Engineering those elements and more for “Scream 2” was a daunting assignment. The sequel was rushed into development last spring when Bob Weinstein, who oversees Miramax Films’ genre division Dimension, determined that the company needed a sequel to its phenomenal success for the year-end holiday season.

Trouble was, “Scream’s” saving grace was its wised-up, self-satirizing commentary on slasher film cliches. Rushing out an equally clever sendup of sequels was hard enough; the fact that “Scream” scripter Kevin Williamson was spread thin between “I Know What You Did Last Summer” and his upcoming TV series “Dawson’s Creek” didn’t help matters any.

Craven is cagey about where Williamson’s ideas end and his begin in “Scream 2.” The details were considered so precious, however, that cast members saw only parts of the script, and those pages were printed on dark paper that made them impossible to copy or fax.

Making fun of sequels should be a breeze. Sequels, after all, are usually so cheesy they become unintentional self-parodies of the movies that spawned them.

But the stakes were naturally higher with “Scream 2,” making the balancing of humor and horror a delicate operation.

“We were more self-conscious about this picture,” Craven admits. “First of all, we didn’t quite know what we had done right in the first one. And to an extent you shouldn’t know; you don’t want to reduce it to formula.

“Another thing we wanted to be acutely aware of was that there never be a moment that says to the audience, `Aren’t we so clever? Here we are, making our sequel.’ Which was really tough because here you were, making jokes about sequels. But I was always looking for that point where there’d be one joke too much. There was a lot of attempted exercise in restraint.”

The gory stuff was more a matter of effectively applying scare tactics Craven has honed through two “Nightmare on Elm Street” films, “The People Under the Stairs,” “Shocker,” “Swamp Thing” and many other theatrical and television thrillers.
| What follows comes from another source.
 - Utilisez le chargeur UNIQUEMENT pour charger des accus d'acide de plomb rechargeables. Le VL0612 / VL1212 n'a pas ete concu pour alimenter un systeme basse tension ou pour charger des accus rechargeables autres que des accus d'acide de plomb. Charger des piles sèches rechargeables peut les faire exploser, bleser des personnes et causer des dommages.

“Wes was just amaaazing to work with,” gushes “Last Summer” star and TV’s “Buffy the Vampire Slayer” Sarah Michelle Gellar, who plays a stalked sorority sister in “Scream 2.” “Talk about someone who really created the genre; he just knows every nuance of how to walk and how to turn your head and how to hear a noise off screen. He makes the smallest things into these wonderful moments.
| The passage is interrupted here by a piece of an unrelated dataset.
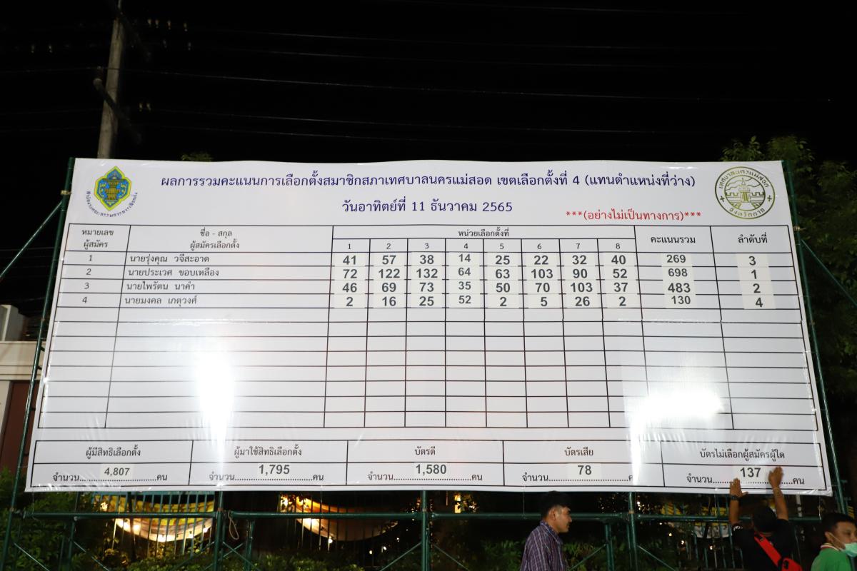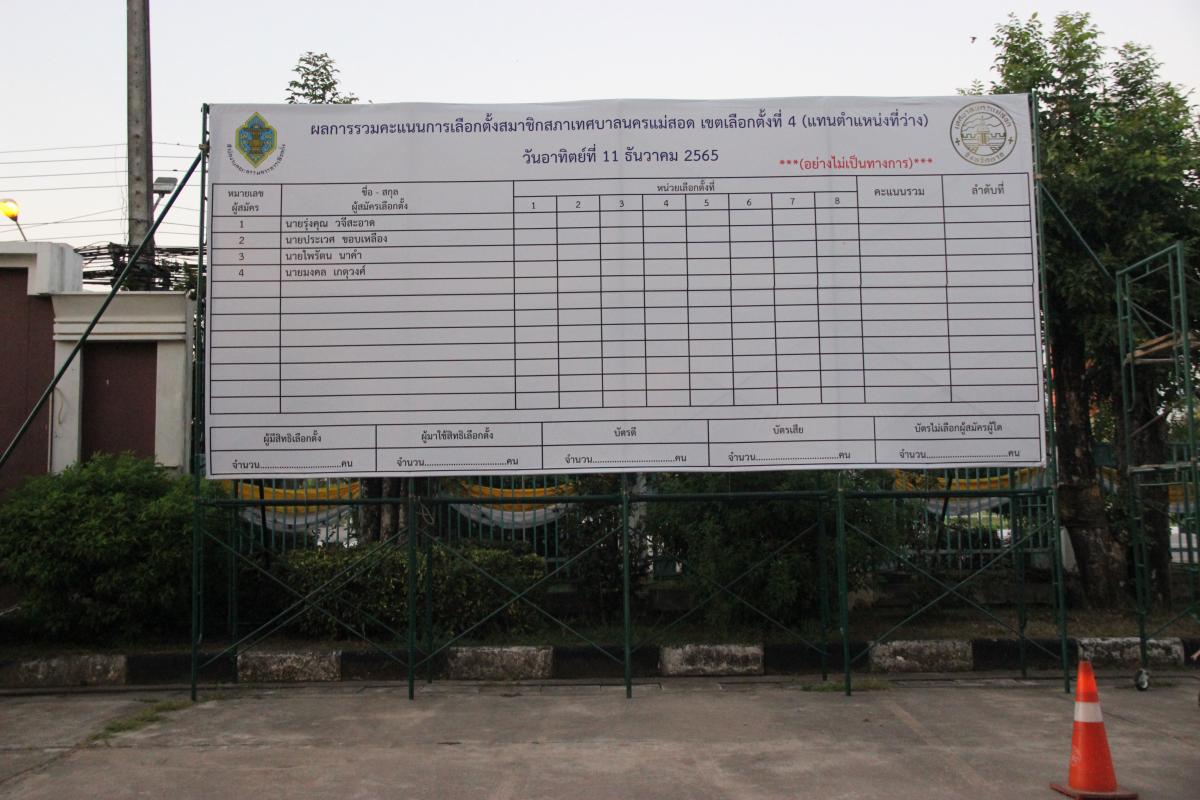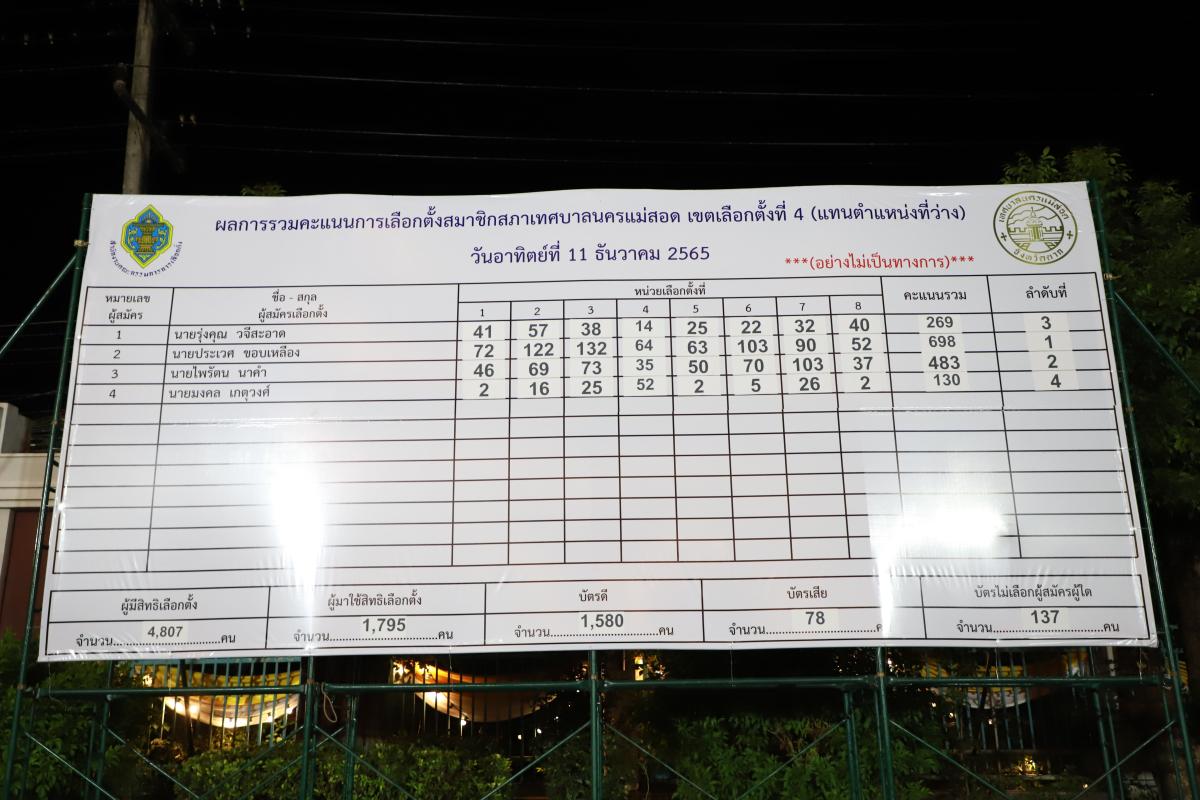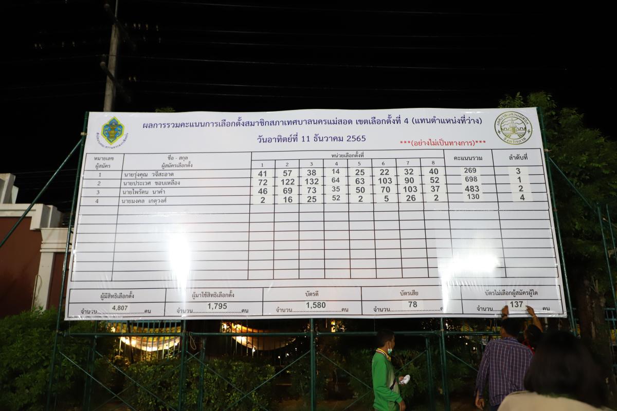 ได้นับผลการเลือกตั้งสมาชิกเทศบาล เขตเลือกตั้งที่ 4 (แทนตำแหน่งที่ว่าง) จากการเลือกตั้งในวันอาทิตย์ ที่ 11 ธันวาคม 2565 ตั้งแต่เวลา 08.00 – 17.00 น. (อย่างไม่เป็นทางการ) ดังนี้

“Unlike many people that stay with one genre but don’t progress, he’s progressed,” Gellar adds. “He’s taken what used to be this worthless slasher cycle to this new level. It’s incredible to work with a master like that.”

But now it’s time for Craven to move on to the next level. His Miramax deal permits him to make one non-genre film in exchange for the “Scream” sequel and a second horror entry. He’s chosen a dramatization of “Fiddlefest,” the documentary about a Harlem music teacher.

“I think it connects to the academic in me,” says the Cleveland native, who holds a master’s degree from Johns Hopkins University. “I’ve taught at both the college level and a year of high school. I also love classical music and lived in New York, so it’s got a lot of elements that appeal to me.”